In der Hamburger Hauptkirche St. Jacobi wurde am Freitag die Wanderausstellung "Neue Anfänge nach 1945?" eröffnet. Der Blick auf die eigene Geschichte sei oft "mühsam und belastend", könne aber auch befreiend sein, sagte Landesbischof Gerhard Ulrich vor knapp 200 Gästen.
Es bleibe die Frage, ob die evangelische Kirche nach 1945 einen echten Neuanfang gewagt habe.
Die Kirche im Norden sei nach 1945 unfähig gewesen, sich kritisch mit dem eigenen Verhalten in der Nachkriegszeit auseinanderzusetzen, kritisierte der Historiker Stephan Linck, der die Kirchengeschichte wissenschaftlich aufgearbeitet hat. Die Kirche habe sich nach Kriegsende mehr um NS-belastete Menschen bemüht als um die Opfer des Nationalsozialismus. Das Leid der Juden sei ausgeblendet worden.

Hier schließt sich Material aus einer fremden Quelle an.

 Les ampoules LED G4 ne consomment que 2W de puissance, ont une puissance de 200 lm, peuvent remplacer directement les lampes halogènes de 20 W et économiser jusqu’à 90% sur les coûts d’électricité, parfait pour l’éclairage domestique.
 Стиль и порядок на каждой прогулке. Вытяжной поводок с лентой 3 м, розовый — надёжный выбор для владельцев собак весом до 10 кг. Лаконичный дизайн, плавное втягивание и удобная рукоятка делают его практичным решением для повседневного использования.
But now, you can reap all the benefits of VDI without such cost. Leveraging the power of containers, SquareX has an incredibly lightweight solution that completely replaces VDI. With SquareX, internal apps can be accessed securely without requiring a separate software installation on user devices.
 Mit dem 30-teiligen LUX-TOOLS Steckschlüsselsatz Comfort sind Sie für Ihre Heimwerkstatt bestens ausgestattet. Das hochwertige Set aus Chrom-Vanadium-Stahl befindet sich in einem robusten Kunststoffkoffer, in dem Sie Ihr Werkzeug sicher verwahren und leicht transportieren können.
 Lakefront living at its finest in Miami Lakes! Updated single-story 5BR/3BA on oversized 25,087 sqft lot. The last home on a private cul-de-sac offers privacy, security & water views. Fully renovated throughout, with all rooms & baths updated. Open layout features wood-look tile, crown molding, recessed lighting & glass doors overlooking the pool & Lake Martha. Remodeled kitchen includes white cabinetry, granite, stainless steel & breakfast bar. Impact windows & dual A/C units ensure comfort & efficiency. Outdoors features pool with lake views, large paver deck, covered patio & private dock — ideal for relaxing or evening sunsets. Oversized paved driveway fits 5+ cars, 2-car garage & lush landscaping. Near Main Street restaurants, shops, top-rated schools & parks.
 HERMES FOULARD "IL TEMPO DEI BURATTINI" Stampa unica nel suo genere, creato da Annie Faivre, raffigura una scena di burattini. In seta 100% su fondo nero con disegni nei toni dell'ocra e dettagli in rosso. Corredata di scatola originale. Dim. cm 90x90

So seien die evangelischen Christen jüdischer Herkunft, die die NS-Zeit überlebt hatten, von der Kirche kaum wahrgenommen worden, beklagte Landesbischof Ulrich. Die "Stuttgarter Schulderklärung" von 1945 sei im Norden überwiegend auf Ablehnung gestoßen, sagte Linck. Wenig Resonanz habe im Norden auch der Protest gegen die Wiederbewaffnung in den 50er Jahren gefunden. Stattdessen seien einzelne Friedensinitiativen von den Kirchenleitungen scharf kritisiert worden.
Linck hatte Ende 2013 sein Werk "Neue Anfänge? Kirche, Christen und Juden nach 1945" vorgestellt, das die Geschichte der evangelischen Kirche in Hamburg und Schleswig-Holstein von 1945 bis 1965 darstellt. Im Februar wird der zweite Teil vorgestellt, der sich mit der Zeit bis 1985 beschäftigt.